We don’t define Bloom filters for every possible query term—instead, we reserve this optimization for query terms that our customers use frequently. While the exact query terms and patterns vary by customer, certain types of strings (IP addresses, customer IDs, account IDs) figure often in their queries, and we can use Bloom filters to help optimize those. Each customer typically has fewer than 10 common patterns. We can add those matched patterns to one or more of the Bloom filters we create when we “freeze” the epoch—meaning that we convert the temporary representation used to hold incoming log data into a much more query-efficient form that is written to disk.
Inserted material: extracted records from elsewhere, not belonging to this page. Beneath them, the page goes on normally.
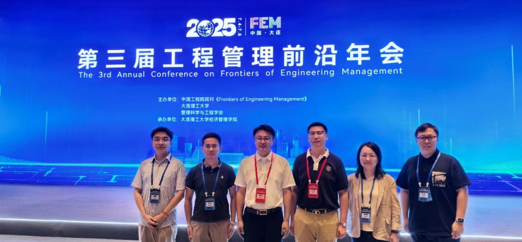 2025年7月4日-7月6日,“第三届工程管理前沿学术年会”(FEM2025)在大连召开。公司副经理李玉龙教授带队,建设经济与管理系王昊教授、管理科学系陈俊霖教授、建设经济与管理系青年教师茅权博士和吴国滨博士、管理科学系青年教师吴迪博士参加了本次学术年会。
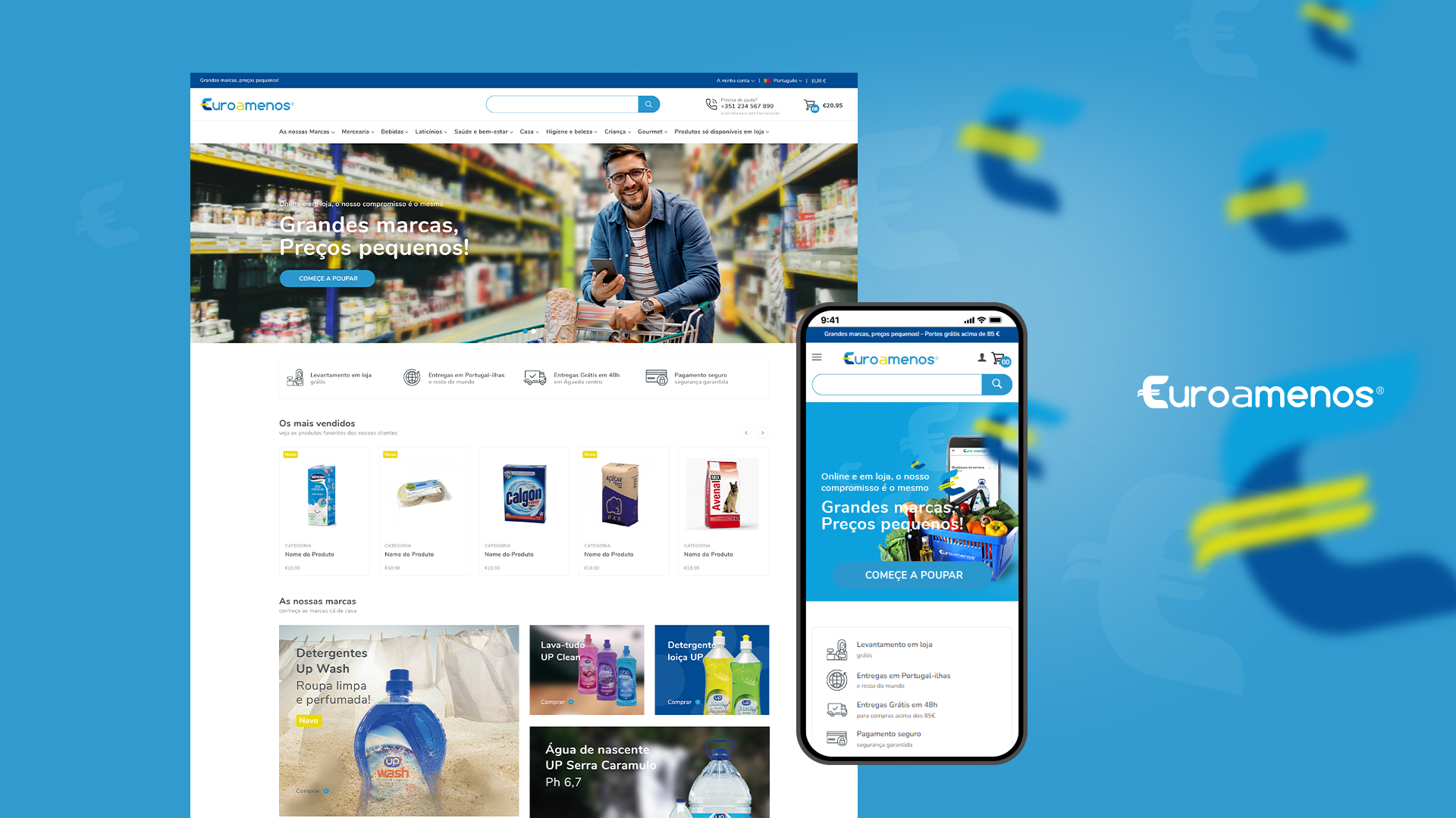 Em euroamenos.pt encontrará "Grandes marcas a preços pequenos". Esta loja online integra um vasto portfolio de produtos alimentares e bens de consumo. Este é um caso de respeito pela comunicação e posicionamento do cliente, onde as cores identitárias do projeto saltaram para o mundo digital. Com foco na experiência de uma compra rápida e facilitada, a loja conta com diversos métodos de pagamento.
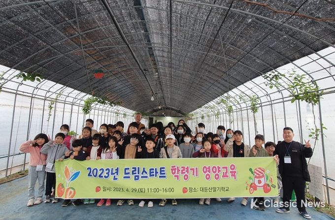 K-Classic News 이호민 기자 | 금산군은 지난 29일 대둔산딸기학교에서 드림스타트 초교 1~6학년 학령기 아동 40여 명이 참여한 가운데 영양교육을 전개했다.

We freeze the epochs only after we are confident all their data has been received.

Let’s use some real-life numbers to see the time and computing resources we can save with our example query. We generate a new epoch per account per shard every 5 minutes, and a single epoch on a shard can be as large as 2 Gb (gigabits) (uncompressed). If a user queries “ClientAddress contains ‘2.34.56.7’” with a date range of 24 hours, then we need to read 288 epochs to search for that IP address. If each epoch averages 1.4 Gb (72 Mb compressed), that’s 20 Gb to be loaded from disk. Assuming a 1 Gbps read speed, that’s 20 seconds to just fetch the data, not even including the actual search time! But if we first fetch the Bloom filters for each epoch (which average 1 Mb compressed), and then fetch only the epochs that have hits, we end up reading only 2.9 Gb (288*1 Mb + 288*72 Mb / 8), assuming a one-eighth Bloom filter hit rate. That’s an 85% savings in latency, dropping from 20 seconds to 2.9. We’re focusing on the Bloom filter here, but there are many more tweaks to handle other cases.

The problem

This all sounded great (at least we thought so) until we noticed that our freezing process was taking longer than it was supposed to. At least twice as long, in fact. Some of the slowness came from the creation of the Bloom filter itself. Specifically, it was from the regex matching of common patterns against each log line. (For example, we used [0-9]\\.[0-9]{1,3}\\.[0-9]{1,3}\\.[0-9] to match IPv4 addresses.)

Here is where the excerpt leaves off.